The IDH status of a glioma, has both therapeutic and prognostic implications for a newly diagnosed glioma [21], therefore, it would also be desirable for a radiologist’s report to provide a prediction of whether a tumour is likely to be IDH mutant or wildtype. Neuroimaging studies have demonstrated that the location of a glioma, in particular frontal lobe, and a well-defined border on an axial FLAIR image, may predict IDH status [22, 23, 47]. More recent studies have used texture based analysis, resulting in 42 texture features in a study by Zhou et al. and 2970 imaging features derived from T1, T2 and DWI, resulting in an AUC of 89% [26]. Using clinical imaging alone, the algorithm used in this study resulted in a similar level of accuracy of 88% for classification of IDH status. Another approach has been the use of MR spectroscopy to predict IDH status [24], however, MR spectroscopy has limited spatial resolution and may suffer from partial volume effects due to overlap of the voxel with surrounding normal tissue, thereby limiting its widespread use in routine practice [48]. In order to overcome a reduction in signal to noise ratio, high field strength, multi-channel phased array coils and efficient pulse sequences are required, although these requirements may not always be met outside of a research setting. The prediction of IDH status was also conferred through machine learning in this present study, as this approach may extract information from MRI that is not immediately apparent on visual inspection, therefore implementation of this approach in radiological reporting may significantly enhance reports with the provision of the likely IDH status of a newly diagnosed glioma.

Study limitations

A few limitations of this work must be considered. Firstly, the cross-sectional data used did not provide the ability to identify markers of survival [49]. A future longitudinal study could provide such data. Secondly, the clinical details were not available in every case studied. This restricted interpretation as to whether biopsy or resected tissue was studied. Through the use of electronic operative records in our centre, any future such studies may be able to obtain more detailed neurosurgical information.
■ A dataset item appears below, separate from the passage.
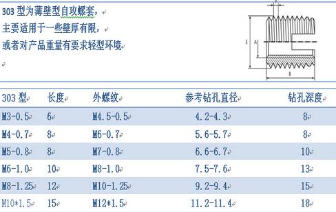 24h咨询热线13069364703 薄壁型盐城自攻螺套外观上看主要有两种区分,一种是一端开槽型的,另一种是一端三圆孔型的,其中开圆孔型的又分为307型和308型两种,307型和308型外观主要区别就是同一直径下,长度和外径大小有所区分。以上各种型式螺套均具有自行攻牙功能。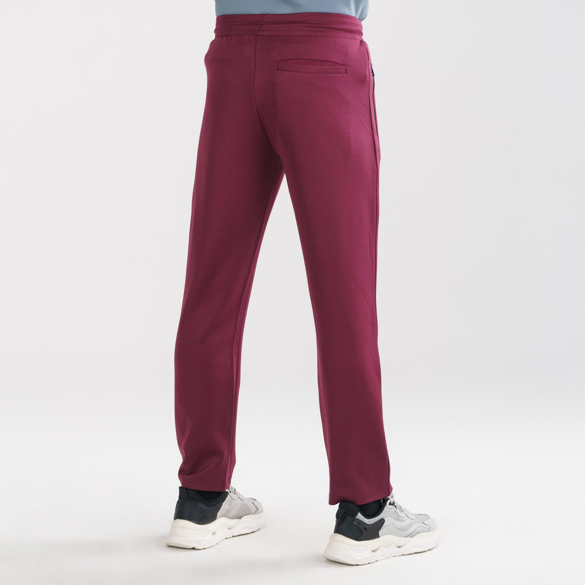 Upgrade your casual style with these men's maroon joggers. Crafted from a blend of viscose, polyester, and spandex, they offer comfort with a modern fit. Featuring a contrast drawcord and zipper detailing, these joggers combine functionality with a trendy look. Ideal for everyday wear or relaxed outings.

Finally, the neuroradiologist’s report was derived from visual inspection of the MRI scans, rather than measurement of the same five metrics employed in the machine learning algorithm. Therefore, direct comparison was not possible, this may also be analysed in a future similar study. Nonetheless our premise was to provide an objective data-driven adjunct for the neuradiologist, particularly those without dedicated neuro-oncology training, rather than a potential replacement.

Conclusions

In conclusion, this study demonstrates the use of a machine learning algorithm, derived from a large dataset of ‘real word’ MRI scans, that can accurately classify WHO grade and IDH status in newly diagnosed gliomas. The minimal image processing performed in this study may facilitate translation of such an approach into clinical practice as an adjunct to a neuroradiologist to provide accurate and rapid objective reports in de novo gliomas.